“There is nothing the body suffers which the soul may not profit by” -George Meredith
I wish I could have breathed a sigh of relief as I walked out of my doctor's office that rainy spring afternoon in 2007, but I was still full of fear. I had gone in for a mammography after noticing a “dimpling” on my left breast. When I first saw this gathering of skin my reaction was: “Cellulite? On my breast? Do they have machines at the gym to deal with this?” However, after checking the Internet, I learned it was a sign of breast cancer. My thoughts started racing and in a state of panic I rushed in to see my doctor. Her words “everything on the mammography looks normal -you don’t have breast cancer” were empty to me, for somehow I knew deep inside that everything was not normal. The moment I got into my car I grabbed my cell phone, immediately dialing the number of another specialist for a second opinion. My fingers trembled, yet I was filled with determination.
The doctor I saw for a second opinion didn’t think anything was wrong either, but he did take the precaution of referring me for a sonogram. The next morning, I was lying on a table covered with white paper, the discomfort caused by the cold gel slathered on my breast was nothing compared to the fear in my heart. The doctor was scanning both breasts, but kept coming back to a certain quadrant. As she silently stared at the screen she said, “I see something” and immediately performed a needle biopsy. While I would have to wait a few days for the results, she basically told me that she believed it was cancer. She also sent me for an MRI – and wrote on the referral slip that the sonogram results were “highly suspicious of malignancy”.
As I walked to my car, I keep looking at the slip it and felt a wave of dizziness each time I read the word “malignancy”. If not for the fact that I had to drive home, I am sure I would have collapsed in the parking lot. It took a few minutes for it to actually sink in, then the tears came and my body felt numb. I drove home and tried to figure out how to break this news to my mother. I did not want to upset her, but knew that she was the one who would understand exactly what I was going through.
This whole situation was so eerily familiar to what she went through two years earlier.

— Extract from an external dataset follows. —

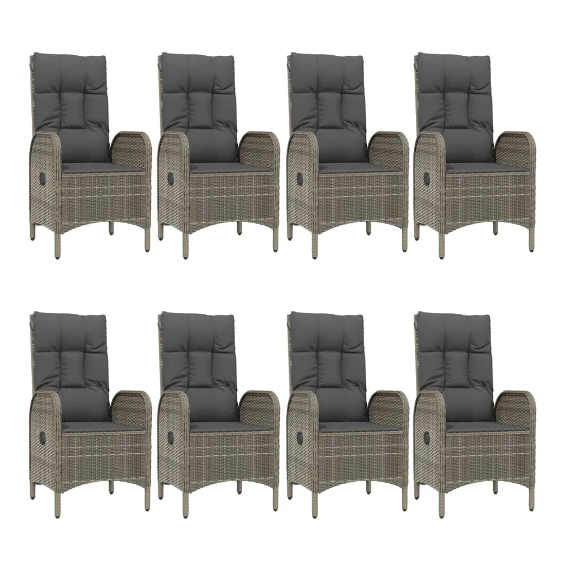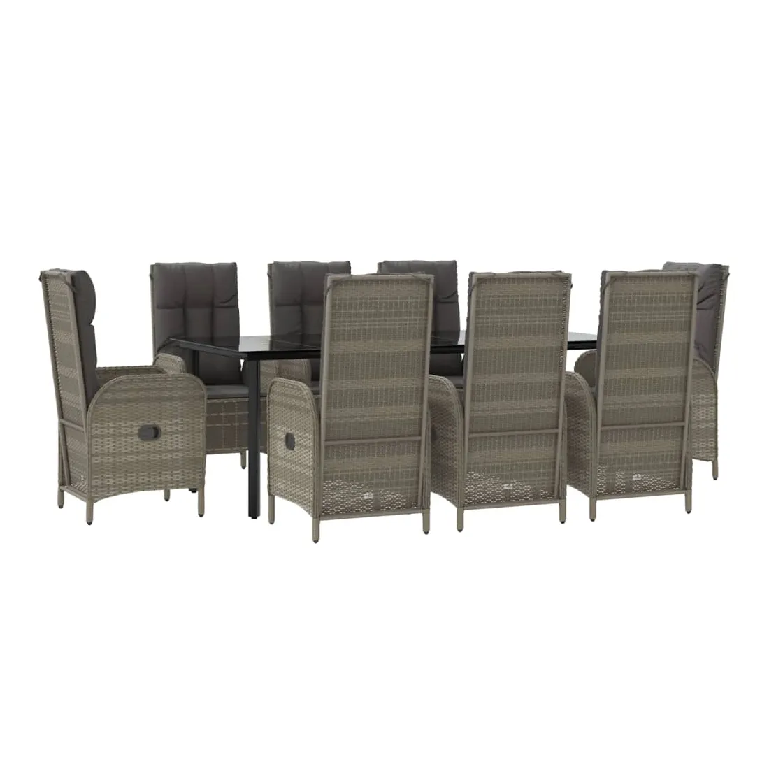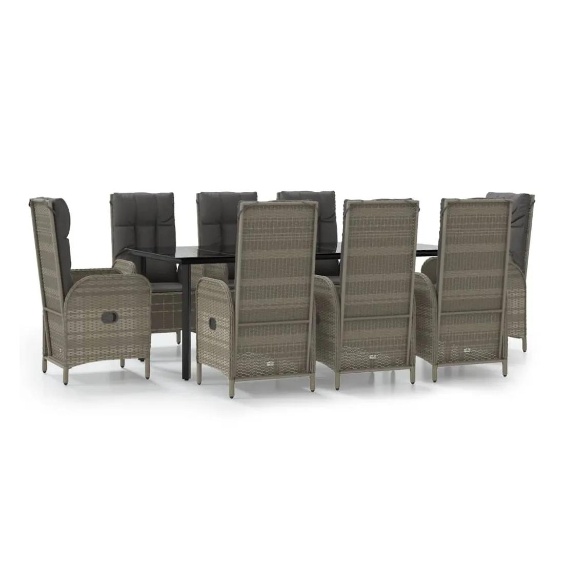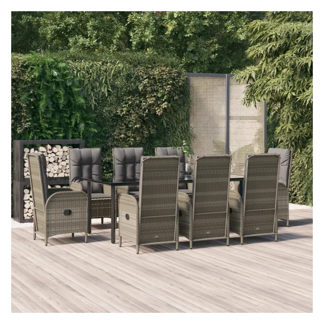 Cet ensemble de salle à manger de jardin tendance, au design élégant et contemporain, est un excellent choix pour manger ou vous détendre dans votre jardin. Matériau résistant aux intempéries : la résine tressée, également connue sous le nom de rotin poly, résiste aux intempéries et est facile à nettoyer. Elle reste belle à l'extérieur pendant une longue période. Elle offre une excellente qualité, commodité et un aspect esthétique.Cadre robuste : les cadres en acier enduit de poudre rendent l'ensemble de salle à manger d'extérieur robuste et stable pour une utilisation quotidienne à l'extérieur.Dessus de table pratique : le dessus lisse de la table de jardin est en verre trempé, facile à nettoyer avec un chiffon humide. De plus, le dessus robuste est parfait pour placer des repas, des boissons et d'autres objets décoratifs.Fonction d'inclinaison : les chaises de jardin sont spécialement conçues avec une fonction d'inclinaison afin que vous puissiez régler le dossier selon votre confort.Expérience d'assise confortable : le dossier ajoute un confort d'assise supplémentaire à la chaise de jardin. De plus, les coussins bien rembourrés vous permettent de vous asseoir confortablement. Bon à savoir :Pour faciliter au maximum le montage, chaque produit est livré avec des instructions. Remarque :Pour que vos meubles d'extérieur restent beaux, nous vous recommandons de les protéger avec une housse imperméable.
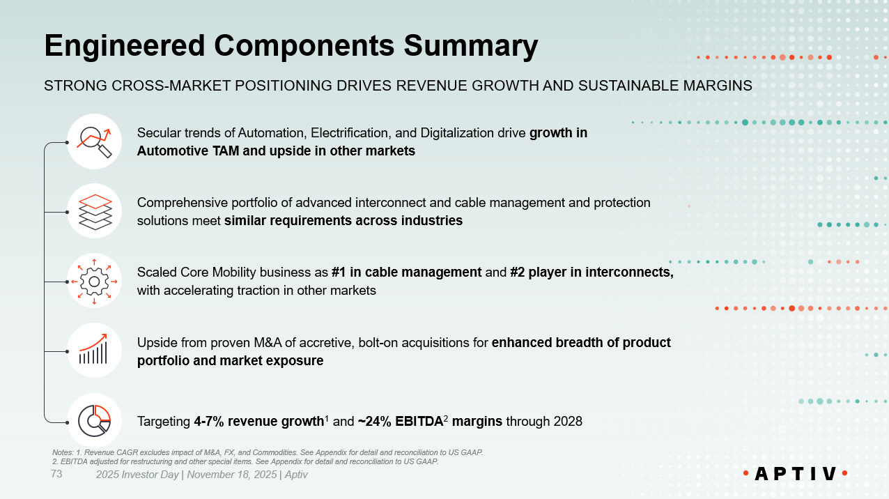 Engineered Components Summary STRONG CROSS - MARKET POSITIONING DRIVES REVENUE GROWTH AND SUSTAINABLE MARGINS Secular trends of Automation, Electrification, and Digitalization drive growth in Automotive TAM and upside in other markets Comprehensive portfolio of advanced interconnect and cable management and protection solutions meet similar requirements across industries Scaled Core Mobility business as #1 in cable management and #2 player in interconnects, with accelerating traction in other markets Targeting 4 - 7% revenue growth 1 and ~24% EBITDA 2 margins through 2028 Upside from proven M&A of accretive, bolt - on acquisitions for enhanced breadth of product portfolio and market exposure 73 2025 Investor Day | November 18, 2025 | Aptiv Notes: 1. Revenue CAGR excludes impact of M&A, FX, and Commodities. See Appendix for detail and reconciliation to US GAAP. 2. EBITDA adjusted for restructuring and other special items. See Appendix for detail and reconciliation to US GAAP.

During the summer of 2005, she had visited several doctors complaining of a discomfort in her breast area, only to be repeatedly told, “everything was fine”. After taking it upon herself to check her symptoms on the Internet, she discovered that her symptoms matched those of IBC – inflammatory breast cancer – the most aggressive and deadly forms of breast cancer and this was confirmed by a biopsy. While her experience was shocking and horrific at the time, it also planted that seed inside my head that was pushing me forward. I knew that “everything is probably fine” was not a medical term that I could live with.
After my own diagnosis in 2007, the initial shock eventually wore off and a deep resolve set in. My vocabulary became full of terms I never even wanted to think about and I joined a support group I never wanted to be a member of. I reached out to others who had gone through this before me and I was determined to beat this. The surgery took place about two weeks later and the doctor was pleased with the results of the lumpectomy. Discussions then turned to treatment options – chemotherapy and/or radiation. I was overwhelmed with the choices, especially in light of the conflicting opinions I was receiving. In the end, I decided upon radiation and began six weeks of treatment and was put on a tamoxifen, a drug to prevent a recurrence of the cancer.
I followed up every six months with a mammography, sonogram or MRI and each time was given a clean bill of health. I was continuously reassured by all of my doctors that the cancer had been caught early and that I would be just fine. But I was skeptical, especially after what my mother and I had both gone through. On top of that, I had also just lost the man I loved to bladder cancer – he had been diagnosed in April of 2008 (and told “we got it early”), only to find out that it had spread to his adrenal glands. He died six months after his diagnosis. This disease not only made me skeptical, it scared the hell out of me.